23. OSHA 1910.134 (d) Respirator Decision Logic
(d) Selection of Respirators - Respirators for IDLH atmospheres:
Approved respirators:
Full facepiece pressure demand self-contained breathing apparatus (SCBA) certified by NIOSH for a minimum service life of thirty minutes, or
Combination full facepiece pressure demand supplied-air respirator (SAR) with auxiliary self- contained air supply.
All oxygen-deficient atmospheres (less than 19.5% O2 by volume) shall be considered IDLH. Exception: If the employer can demonstrate that, under all foreseeable conditions, oxygen levels in the work area can be maintained within the ranges specified in Table II (i.e., between 19.5% and a lower value that corresponds to an altitude-adjusted oxygen partial pressure equivalent to 16% oxygen at sea level), then any atmosphere-supplying respirator may be used.

24. OSHA 1910.134 (d) Respirator Decision Logic
Respirators for Non-IDLH atmospheres:
Employers must use the assigned protection factors (APFs) listed in Table 1 to select a respirator that meets or exceeds the required level of employee protection.
When using a combination respirator (e.g., airline respirators with an air-purifying filter), employers must ensure that the assigned protection factor is appropriate to the mode of operation in which the respirator is being used.
Must select a respirator for employee use that maintains the employee’s exposure to the hazardous substance, when measured outside the respirator, at or below the maximum use concentration (MUC).
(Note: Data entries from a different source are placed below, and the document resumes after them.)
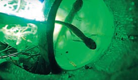 В сфагновых болотах Северной Америки живут настоящие чудища — хищные растения саррацении пурпурные. Своих жертв они заманивают в наполненные сладким соком ловушки из листьев, напоминающие кувшины. Когда жертва попадает в смертельный капкан, личинки, бактерии и простейшие, населяющие сок в кувшинах, расщепляют добычу и передают растению питательные вещества. Считалось, что в лапы чудища попадаются только насекомые, но оказалось, что в кувшинах саррацении часто (в 20% случаев) можно встретить и мелких позвоночных — амбистом. Эти земноводные попадают в ловушку во время погони за мотыльками или мошками; незадачливые охотники сами становятся добычей.
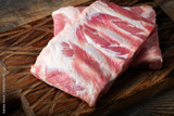 Raw pork ribs with spices, salt and rosemary on dark wooden background
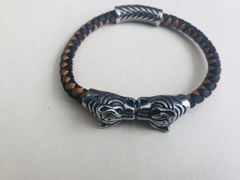 Плетеный кожаный браслет со стальной застежкой и декоративными фрагментами. Размер в наличии:21
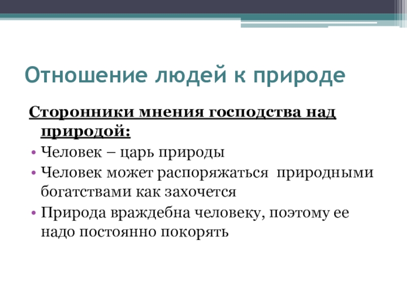 Отношение людей к природеСторонники мнения господства над природой:Человек – царь природыЧеловек может распоряжаться природными богатствами как захочетсяПрирода
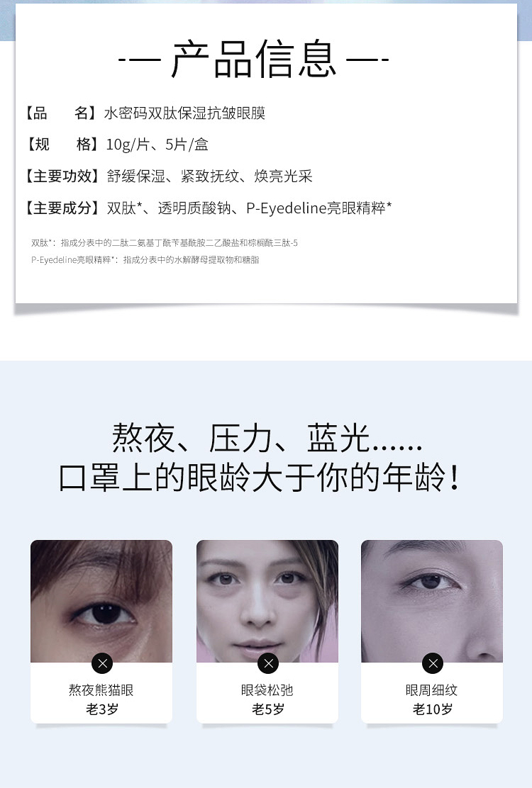 水密码专研双肽保湿抗皱眼膜5片/盒
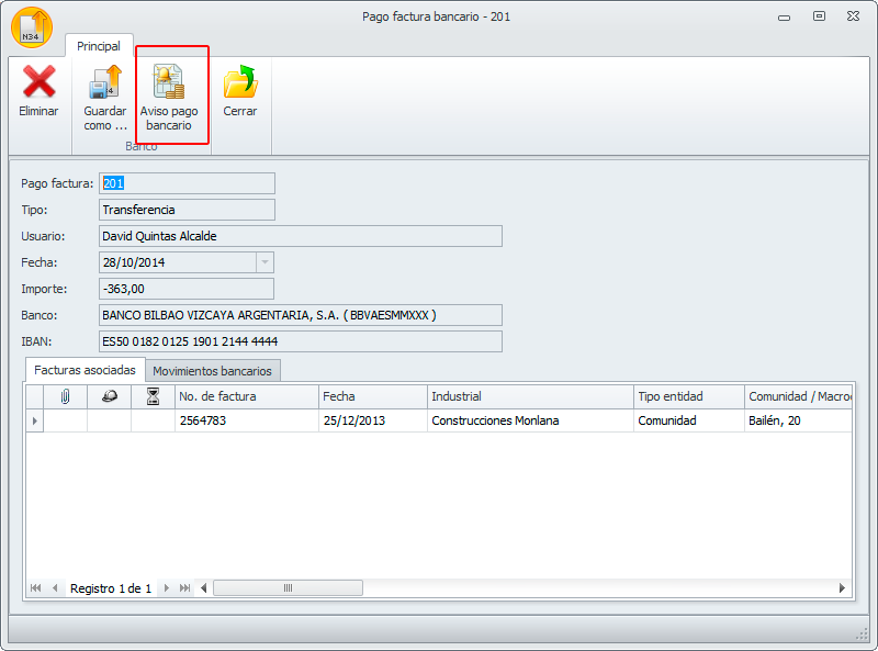 Desde la ficha de pago factura bancario, se ha añadido un nuevo botón que permite re-enviar al industrial el aviso de pago de las facturas.
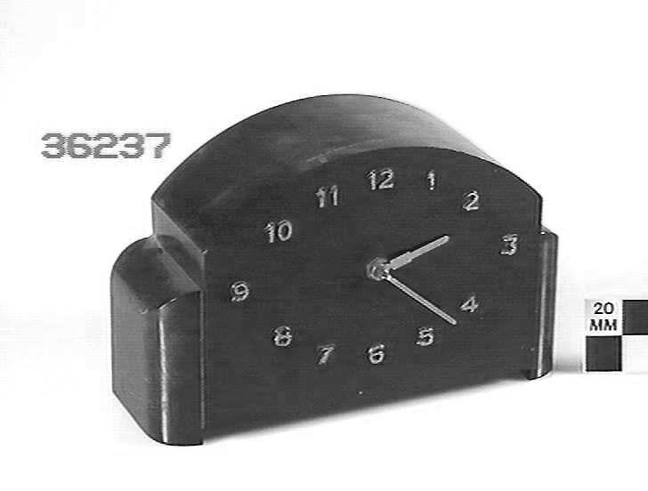 Clock in brown plastic case with raised numerals as dial. Electric impulse movement. Powered by 4.5 volt battery in base.
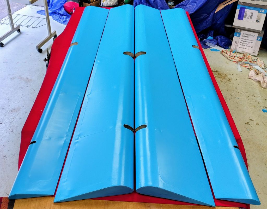 Today we finished covering the ailerons with sky blue Oratex. It’s fair to say that this job was quite nerve-racking due to the constant attention required for all the various individual operations and their sequencing. A moments inattention can have potentially disastrous consequences. Because of the high cost of the Oratex fabric, it is not economical to order extra length to cater for any eventual mishaps. Anyway, operating as a team worked really well, for instance Laurie often yelled “paper!” if it looked like I was going to use the iron without using the protective butcher paper underneath. We could have used longer work benches as the old doors are only 2.1m long while each of the four ailerons measures 2.4 m, but it was alright. The new small iron from Aircraft Spruce arrived just in time this morning before we started heat-stitching the Oratex to the aileron structure.

Must not apply MUCs to conditions that are IDLH; instead must use respirators listed for IDLH conditions in paragraph (d)(2) of this standard.
When the calculated MUC exceeds the IDLH level or the performance limits of the cartridge or canister, then employers must set the maximum MUC at that lower limit.
The respirator selected shall be appropriate for the chemical state and physical form of the contaminant.

25. OSHA 1910.134 (d) Respirator Decision Logic
Respirators for non-IDLH atmospheres:
For protection against gases and vapors, the employer shall provide:
an atmosphere-supplying respirator, or
an air-purifying respirator, provided that:
the respirator is equipped with an end-of-service-life indicator (ESLI) certified by NIOSH for the contaminant; or
if there is no ESLI appropriate for conditions of the employer’s workplace, the employer implements a change schedule for canisters and cartridges that will ensure that they are changed before the end of their service life and describes in the respirator program the information and data relied upon and basis for the change schedule and reliance on the data.